Input material:
_ _ _ _

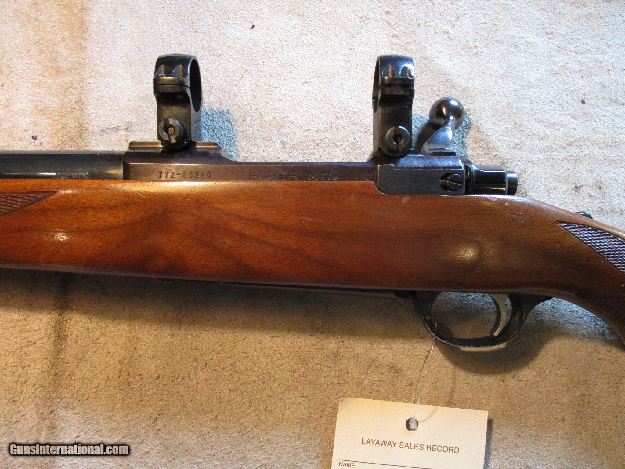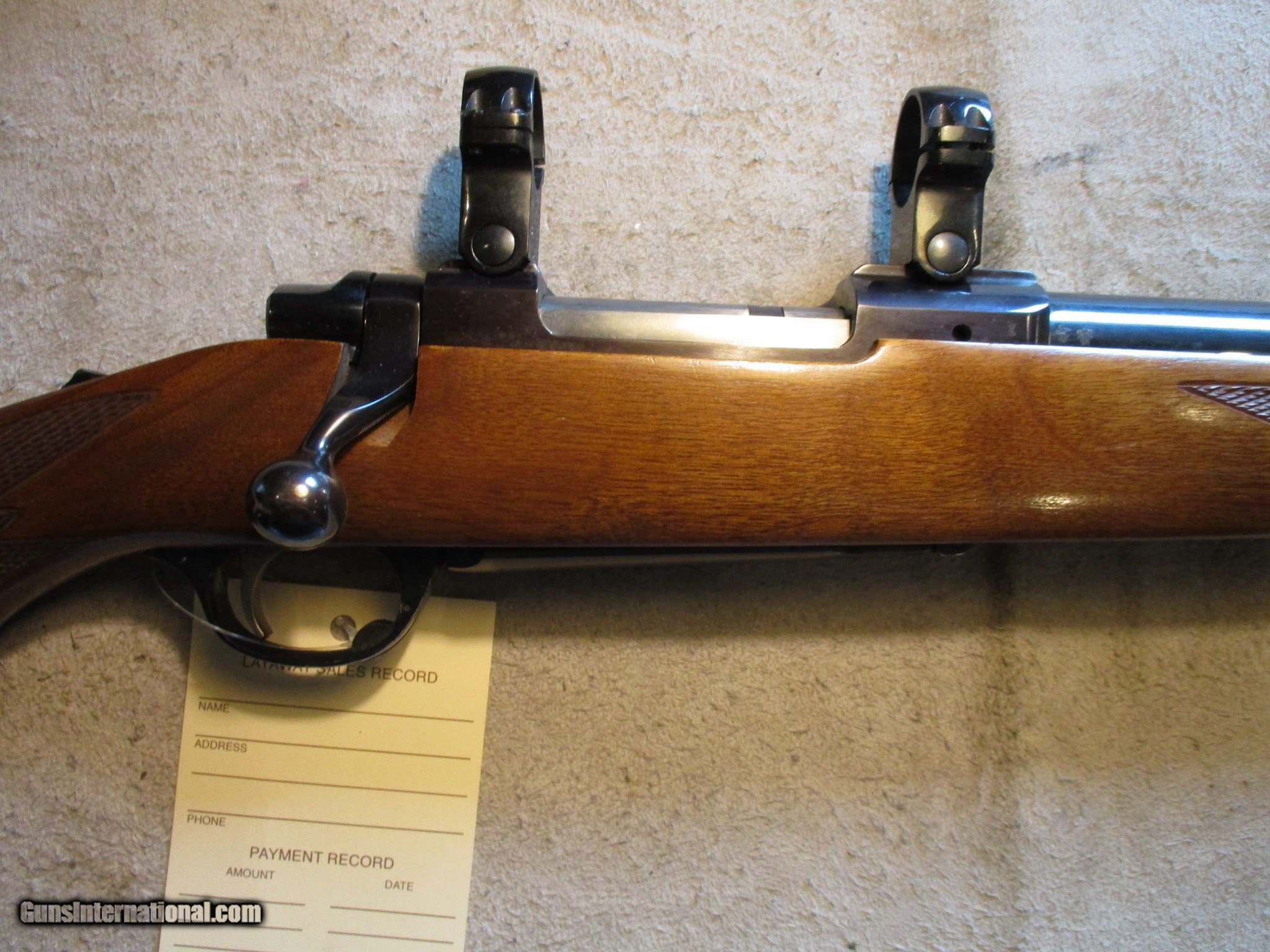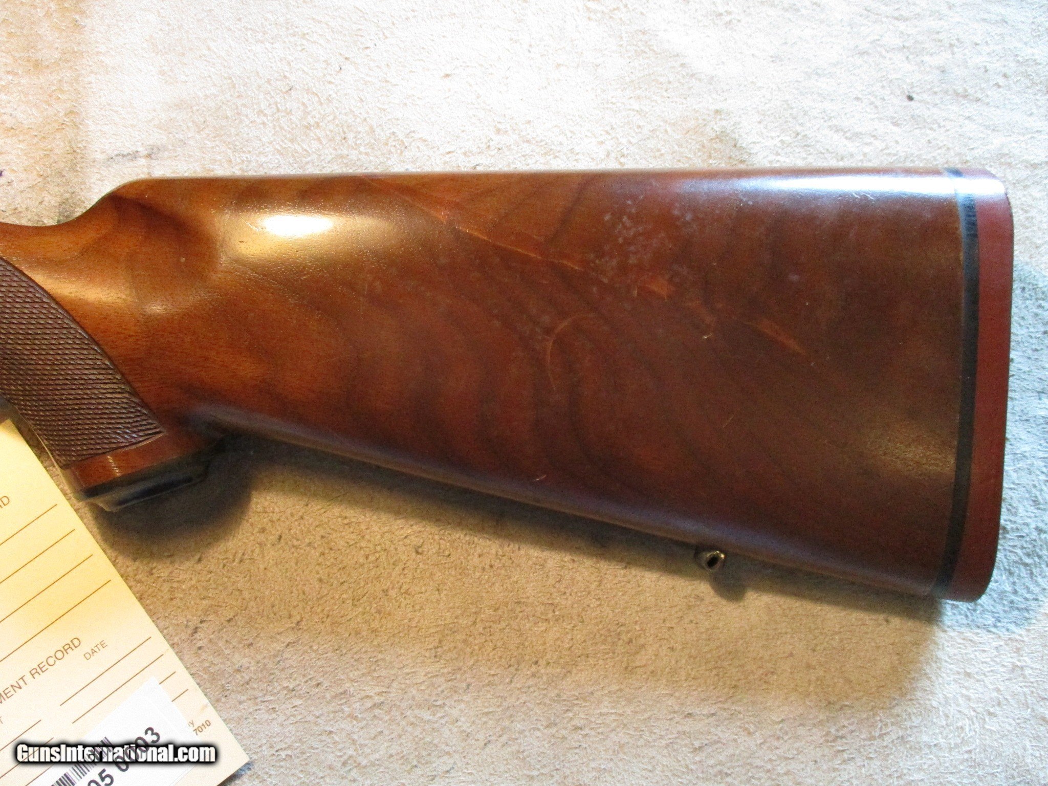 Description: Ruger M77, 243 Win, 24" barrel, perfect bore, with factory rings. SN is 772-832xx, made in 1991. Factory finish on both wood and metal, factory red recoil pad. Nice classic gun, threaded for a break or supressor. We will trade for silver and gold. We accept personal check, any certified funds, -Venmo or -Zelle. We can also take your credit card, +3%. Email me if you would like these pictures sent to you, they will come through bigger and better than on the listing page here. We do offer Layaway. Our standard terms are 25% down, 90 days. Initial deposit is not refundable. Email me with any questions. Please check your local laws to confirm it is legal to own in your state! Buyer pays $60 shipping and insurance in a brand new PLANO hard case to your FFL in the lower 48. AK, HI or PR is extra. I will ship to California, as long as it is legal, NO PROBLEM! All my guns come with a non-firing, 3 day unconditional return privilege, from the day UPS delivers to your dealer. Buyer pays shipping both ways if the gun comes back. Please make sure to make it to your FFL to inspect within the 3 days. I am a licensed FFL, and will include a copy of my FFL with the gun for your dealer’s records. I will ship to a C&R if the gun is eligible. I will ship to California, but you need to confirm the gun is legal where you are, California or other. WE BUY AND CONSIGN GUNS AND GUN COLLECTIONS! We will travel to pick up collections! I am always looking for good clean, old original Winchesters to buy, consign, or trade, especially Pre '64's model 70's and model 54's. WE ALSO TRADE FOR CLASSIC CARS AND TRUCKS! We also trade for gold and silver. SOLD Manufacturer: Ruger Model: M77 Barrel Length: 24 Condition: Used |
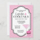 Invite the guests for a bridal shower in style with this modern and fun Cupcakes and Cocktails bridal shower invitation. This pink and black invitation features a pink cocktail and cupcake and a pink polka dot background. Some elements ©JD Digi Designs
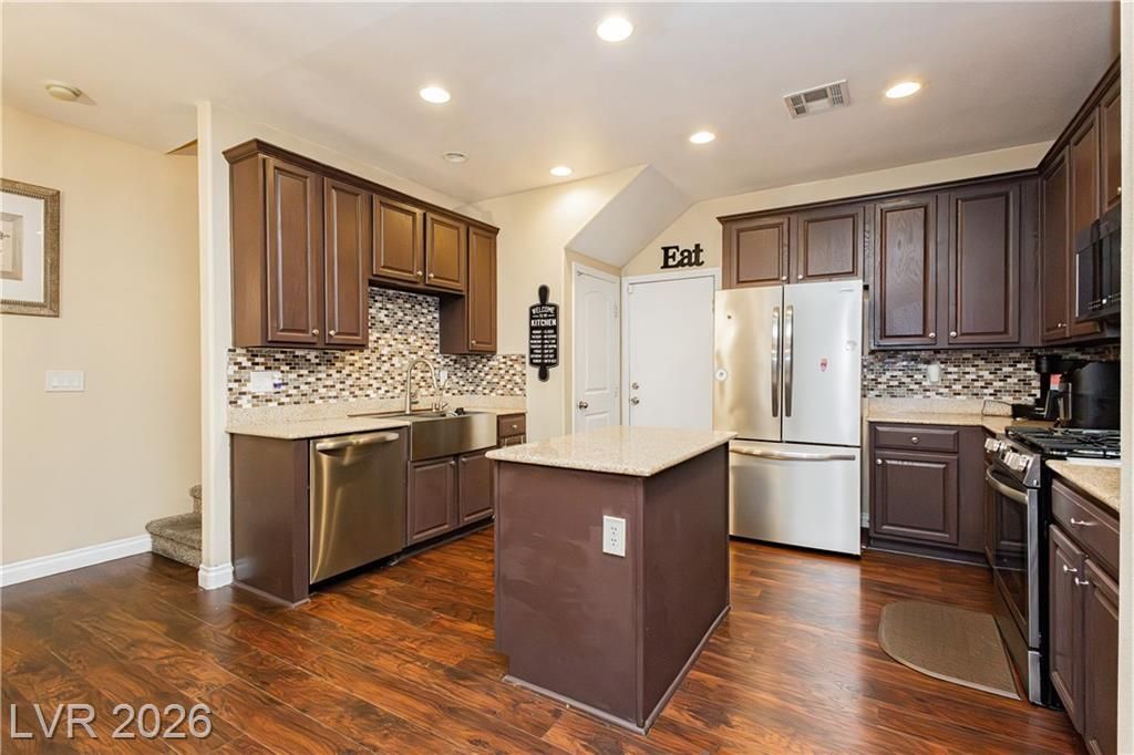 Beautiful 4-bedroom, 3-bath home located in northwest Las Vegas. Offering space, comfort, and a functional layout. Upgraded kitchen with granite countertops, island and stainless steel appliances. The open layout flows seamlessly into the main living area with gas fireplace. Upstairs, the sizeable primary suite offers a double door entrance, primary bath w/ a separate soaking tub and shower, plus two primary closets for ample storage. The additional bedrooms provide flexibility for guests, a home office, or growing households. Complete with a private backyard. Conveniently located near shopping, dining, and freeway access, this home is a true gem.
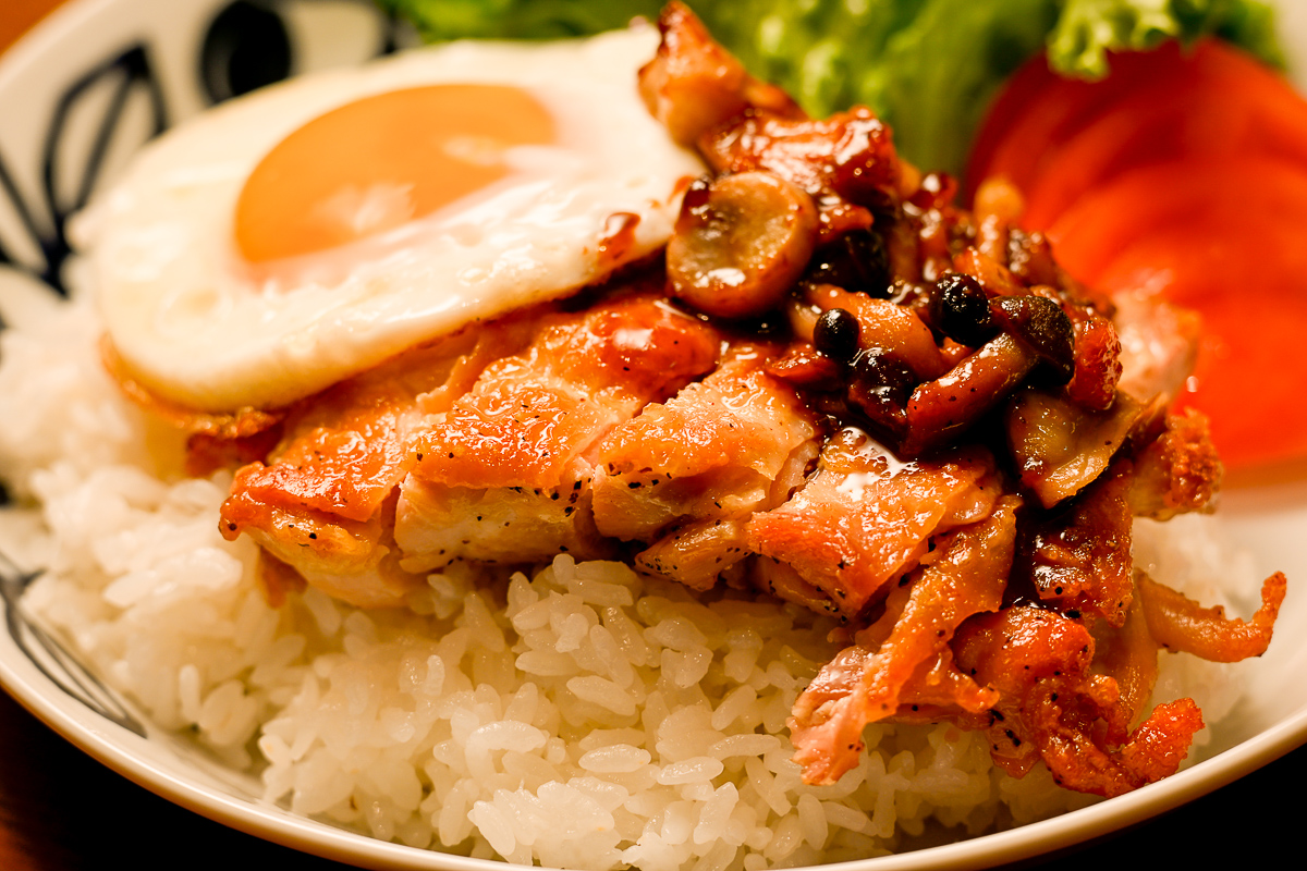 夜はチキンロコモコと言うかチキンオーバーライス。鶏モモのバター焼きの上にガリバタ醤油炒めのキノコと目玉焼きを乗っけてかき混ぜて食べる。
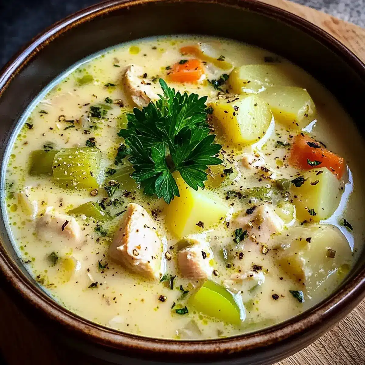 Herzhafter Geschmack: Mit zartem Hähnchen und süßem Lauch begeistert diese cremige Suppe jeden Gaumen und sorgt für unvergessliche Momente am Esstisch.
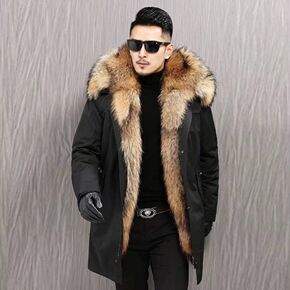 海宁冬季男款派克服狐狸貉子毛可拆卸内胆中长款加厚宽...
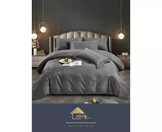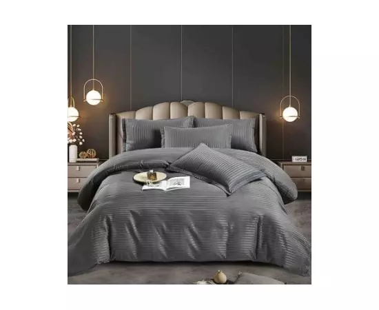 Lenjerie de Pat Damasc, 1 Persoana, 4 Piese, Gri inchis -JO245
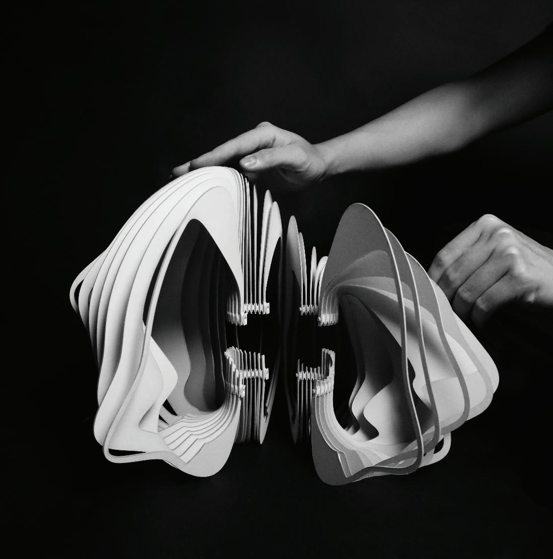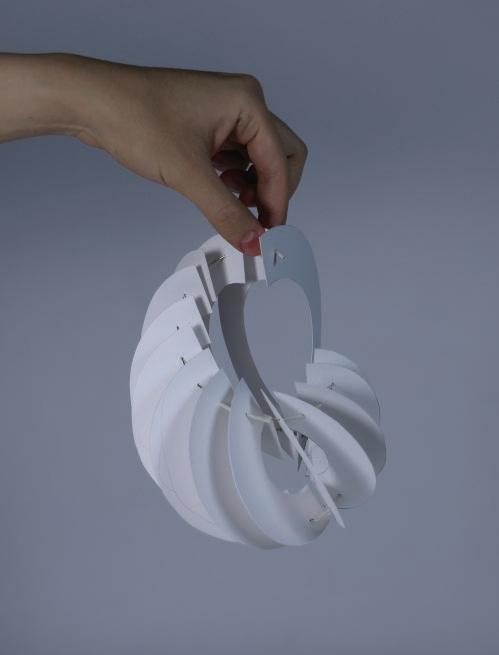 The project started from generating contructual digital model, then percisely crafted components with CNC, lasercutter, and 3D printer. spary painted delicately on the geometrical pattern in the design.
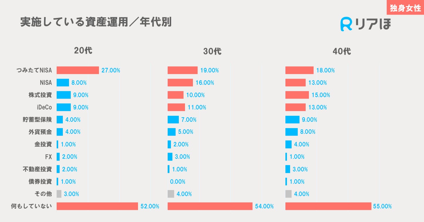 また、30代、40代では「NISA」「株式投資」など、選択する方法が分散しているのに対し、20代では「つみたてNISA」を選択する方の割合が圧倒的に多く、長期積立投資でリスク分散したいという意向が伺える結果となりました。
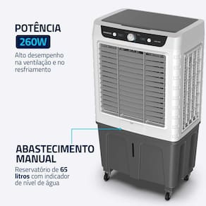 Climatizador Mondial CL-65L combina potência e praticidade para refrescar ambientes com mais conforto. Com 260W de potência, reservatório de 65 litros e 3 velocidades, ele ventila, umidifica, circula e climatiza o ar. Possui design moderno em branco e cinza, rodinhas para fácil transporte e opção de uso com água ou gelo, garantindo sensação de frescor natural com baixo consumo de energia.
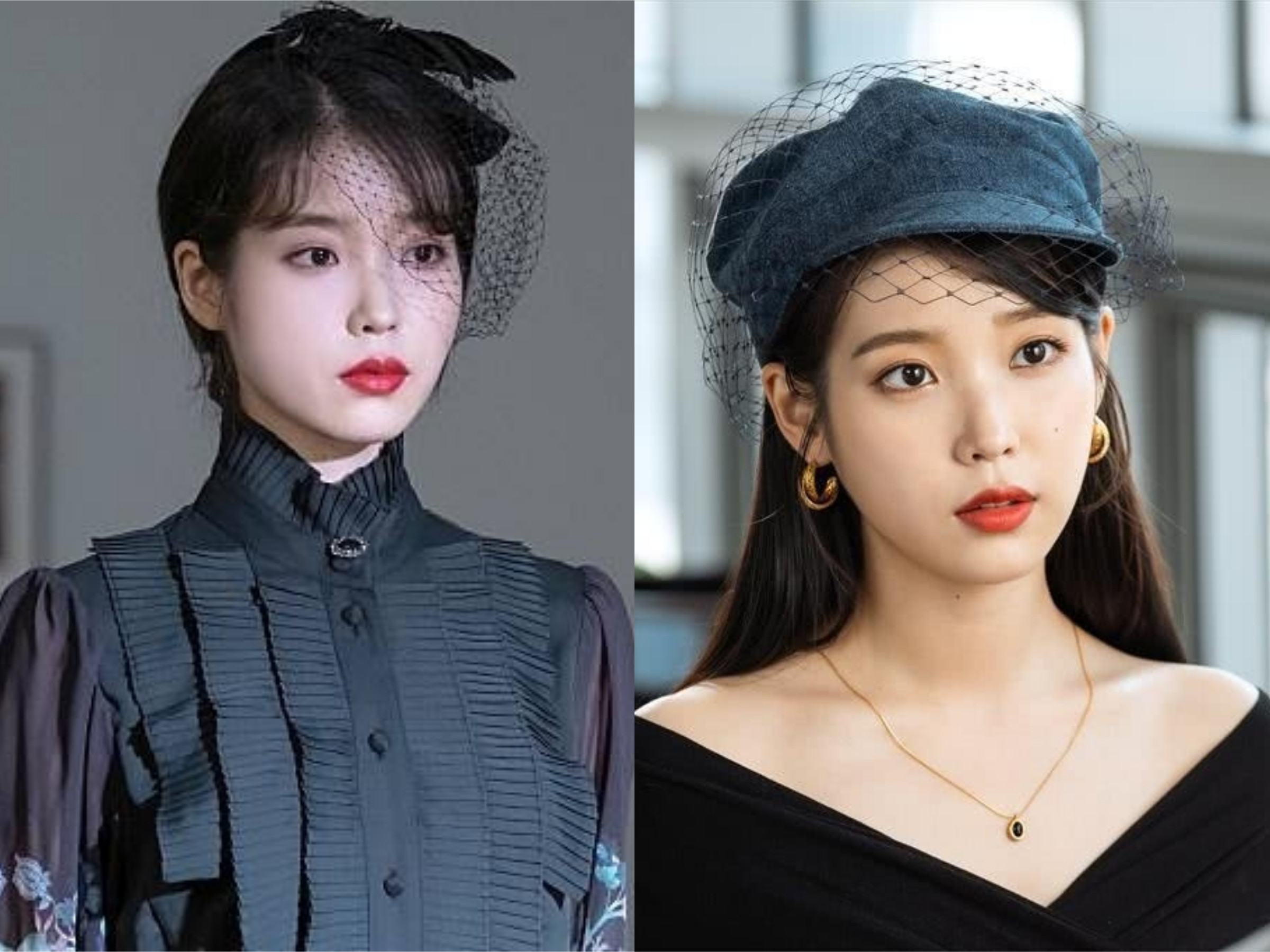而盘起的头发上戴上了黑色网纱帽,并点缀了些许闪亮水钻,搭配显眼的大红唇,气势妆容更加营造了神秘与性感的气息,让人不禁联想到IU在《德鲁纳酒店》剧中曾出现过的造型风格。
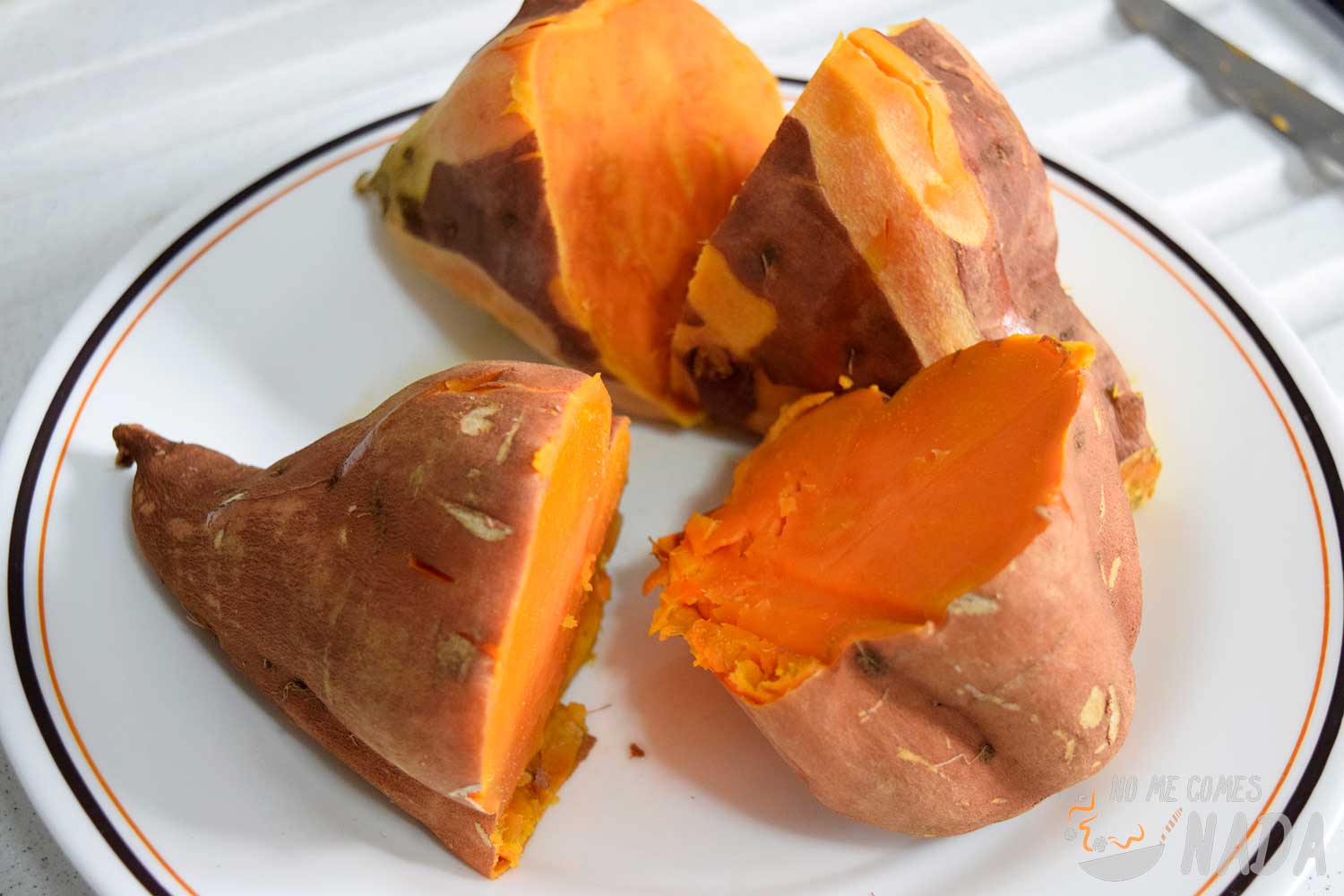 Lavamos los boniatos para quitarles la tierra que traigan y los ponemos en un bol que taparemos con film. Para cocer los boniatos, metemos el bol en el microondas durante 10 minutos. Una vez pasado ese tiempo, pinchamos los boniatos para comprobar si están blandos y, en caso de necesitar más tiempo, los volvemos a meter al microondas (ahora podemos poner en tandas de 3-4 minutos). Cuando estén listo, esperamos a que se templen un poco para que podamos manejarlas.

_ _ _ _

Task:
From the first line to the last, give the data again exactly, but without pictures.

Your response:
 Description: Ruger M77, 243 Win, 24" barrel, perfect bore, with factory rings. SN is 772-832xx, made in 1991. Factory finish on both wood and metal, factory red recoil pad. Nice classic gun, threaded for a break or supressor. We will trade for silver and gold. We accept personal check, any certified funds, -Venmo or -Zelle. We can also take your credit card, +3%. Email me if you would like these pictures sent to you, they will come through bigger and better than on the listing page here. We do offer Layaway. Our standard terms are 25% down, 90 days. Initial deposit is not refundable. Email me with any questions. Please check your local laws to confirm it is legal to own in your state! Buyer pays $60 shipping and insurance in a brand new PLANO hard case to your FFL in the lower 48. AK, HI or PR is extra. I will ship to California, as long as it is legal, NO PROBLEM! All my guns come with a non-firing, 3 day unconditional return privilege, from the day UPS delivers to your dealer. Buyer pays shipping both ways if the gun comes back. Please make sure to make it to your FFL to inspect within the 3 days. I am a licensed FFL, and will include a copy of my FFL with the gun for your dealer’s records. I will ship to a C&R if the gun is eligible. I will ship to California, but you need to confirm the gun is legal where you are, California or other. WE BUY AND CONSIGN GUNS AND GUN COLLECTIONS! We will travel to pick up collections! I am always looking for good clean, old original Winchesters to buy, consign, or trade, especially Pre '64's model 70's and model 54's. WE ALSO TRADE FOR CLASSIC CARS AND TRUCKS! We also trade for gold and silver. SOLD Manufacturer: Ruger Model: M77 Barrel Length: 24 Condition: Used |
 Invite the guests for a bridal shower in style with this modern and fun Cupcakes and Cocktails bridal shower invitation. This pink and black invitation features a pink cocktail and cupcake and a pink polka dot background. Some elements ©JD Digi Designs
 Beautiful 4-bedroom, 3-bath home located in northwest Las Vegas. Offering space, comfort, and a functional layout. Upgraded kitchen with granite countertops, island and stainless steel appliances. The open layout flows seamlessly into the main living area with gas fireplace. Upstairs, the sizeable primary suite offers a double door entrance, primary bath w/ a separate soaking tub and shower, plus two primary closets for ample storage. The additional bedrooms provide flexibility for guests, a home office, or growing households. Complete with a private backyard. Conveniently located near shopping, dining, and freeway access, this home is a true gem.
 夜はチキンロコモコと言うかチキンオーバーライス。鶏モモのバター焼きの上にガリバタ醤油炒めのキノコと目玉焼きを乗っけてかき混ぜて食べる。
 Herzhafter Geschmack: Mit zartem Hähnchen und süßem Lauch begeistert diese cremige Suppe jeden Gaumen und sorgt für unvergessliche Momente am Esstisch.
 海宁冬季男款派克服狐狸貉子毛可拆卸内胆中长款加厚宽...
 Lenjerie de Pat Damasc, 1 Persoana, 4 Piese, Gri inchis -JO245
 The project started from generating contructual digital model, then percisely crafted components with CNC, lasercutter, and 3D printer. spary painted delicately on the geometrical pattern in the design.
 また、30代、40代では「NISA」「株式投資」など、選択する方法が分散しているのに対し、20代では「つみたてNISA」を選択する方の割合が圧倒的に多く、長期積立投資でリスク分散したいという意向が伺える結果となりました。
 Climatizador Mondial CL-65L combina potência e praticidade para refrescar ambientes com mais conforto. Com 260W de potência, reservatório de 65 litros e 3 velocidades, ele ventila, umidifica, circula e climatiza o ar. Possui design moderno em branco e cinza, rodinhas para fácil transporte e opção de uso com água ou gelo, garantindo sensação de frescor natural com baixo consumo de energia.
而盘起的头发上戴上了黑色网纱帽,并点缀了些许闪亮水钻,搭配显眼的大红唇,气势妆容更加营造了神秘与性感的气息,让人不禁联想到IU在《德鲁纳酒店》剧中曾出现过的造型风格。
 Lavamos los boniatos para quitarles la tierra que traigan y los ponemos en un bol que taparemos con film. Para cocer los boniatos, metemos el bol en el microondas durante 10 minutos. Una vez pasado ese tiempo, pinchamos los boniatos para comprobar si están blandos y, en caso de necesitar más tiempo, los volvemos a meter al microondas (ahora podemos poner en tandas de 3-4 minutos). Cuando estén listo, esperamos a que se templen un poco para que podamos manejarlas.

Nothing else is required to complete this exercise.